Sepertinya tidak ada yang luput dari pengamatan Emoto-san.
Yuzuki
meletakkan sumpitnya, lalu mengepalkan tangannya di pangkuannya. Wajahnya
menampilkan rasa malu, tapi juga ada kebahagiaan karena kesukaannya disadari.
Walau
sedang dalam pertandingan, sepertinya saat ini
adalah
waktu yang tepat.
“Ayo
Yuzuki, kurasa sepertinya ada yang
ingin kamu katakan, ‘kan?”
Aku
menepuk punggungnya pelan, membuat Yuzuki menegakkan badan.
Ketegangan
kembali terasa di antara mereka.
“...Aku...”
Emoto-san menggigit
bibirnya seperti siap menerima hukuman.
“Aku
tidak suka sikap Ruru-san yang seolah memaksakan kebaikan.”
Tidak suka.
Hanya dua
kata itu saja sudah cukup
untuk membuat wajah Emoto-san
berubah menjadi penuh kesedihan.
“Aku
tidak suka caramu yang selalu
mementingkan orang lain daripada dirimu sendiri. Aku tidak suka kamu mengabaikan popularitasmu
sendiri demi menunjukkan perhatianmu padaku. Aku tidak suka kamu tidak membiarkanku mentraktirmu
makan, tapi...”
Bukan
kebencian atau kekecewaan yang terpancar dari mata Yuzuki, melainkan
kepercayaan.
“Meskipun sedang sibuk,
kamu selalu memperhatikanku. Kamu berusaha agar makanan yang
tidak kusuka bisa kumakan dengan enak. Kamu
selalu mengingat kenangan-kenangan kecil kita. Seharusnya aku sudah tahu kalau
kau selalu mementingkanku...”
Yuzuki
membungkukkan tubuhnya dalam-dalam di hadapan Emoto-san.
“Aku
benar-benar minta maaf untuk sikapku yang buruk waktu
itu.”
Lalu dari
tempat persembunyiannya, dia mengeluarkan kemasan makanan plastik.

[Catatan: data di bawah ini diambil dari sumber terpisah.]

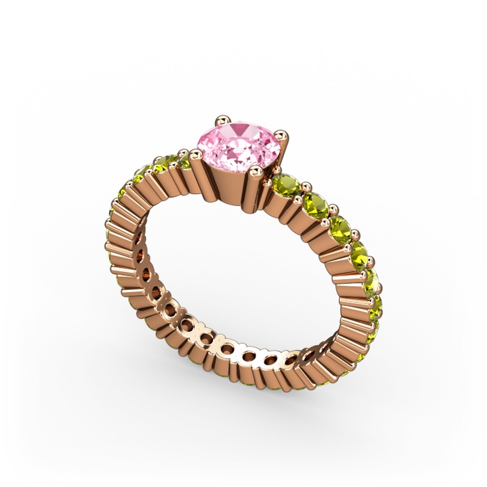 Pembe kuvars ve peridot 14 ayar rose altın yüzük
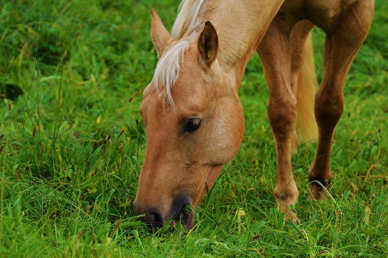 Keywords: horse pasture meadow graze animal world light brown horse head ride animal idyll paddock
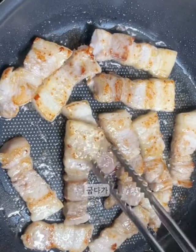 구워지고 있는 삼겹살의 모습. / 유튜브 '내맘요링'

“Aku membuatkan sesuatu sebagai permintaan maaf. ...Maukah kamu menerimanya?”
Dengan
ekspresi lebih tegang dari biasanya, Yuzuki meletakkan kemasan itu di atas
meja. Ternyata di dalamnya ada satu makanan.
“Ini
kan...”
Di balik
tutupnya, terdapat bunga sakura yang sedang mekar.
Kue
tradisional Jepang berbentuk bunga sakura itu tampak begitu indah, bahkan tidak
kalah dengan yang asli.
“Aku
sudah berlatih berulang kali untuk memberikannya pada Emoto-san.”
Berkat
latihan yang keras, hasilnya jauh lebih profesional dibandingkan saat dia
mencobanya di hotel. Ngomong-ngomong, isian kacang merah di dalamnya juga
merupakan makanan kesukaan Emoto-san
berdasarkan profil resminya.
“...Boleh
aku memakannya?”
Saat Emoto-san bertanya, Yuzuki
mengangguk kecil.
Bunga
sakura di kue itu pun mekar di bibir Emoto-san.
Cara dia
mengunyahnya seolah dia bisa
merasakan keindahan alam.
“...Ini
benar-benar enak.”
Yuzuki
merona malu-malu dan terus-menerus
memainkan rambutnya.
Setelah
menelan kue itu, Emoto-san
menyentuh lembut bahu Yuzuki.
“...Selama
ini aku terus-menerus mengaku sebagai 'kakak'-mu,
tapi aku tidak pernah memperhatikan perasaan Yuzuki. Bukannya melihatmu sebagai
sosok 'adik', tapi aku hanya mengejar keinginanku sendiri untuk diakui dan
disayangi. Maafkan aku.”
Dia menundukkan
kepala dan sedikit mengangkat sudut
bibirnya.
“Justru
akulah yang seharusnya minta maaf atas kejadian waktu itu. Maukah kamu berbaikam denganku?”
Yuzuki
tersenyum malu-malu, memperlihatkan giginya yang putih.
“Iya.
Terima kasih sudah selalu berada
di sisiku... Ruru.”
Air mata
tak terbendung mengalir dari mata Emoto-san.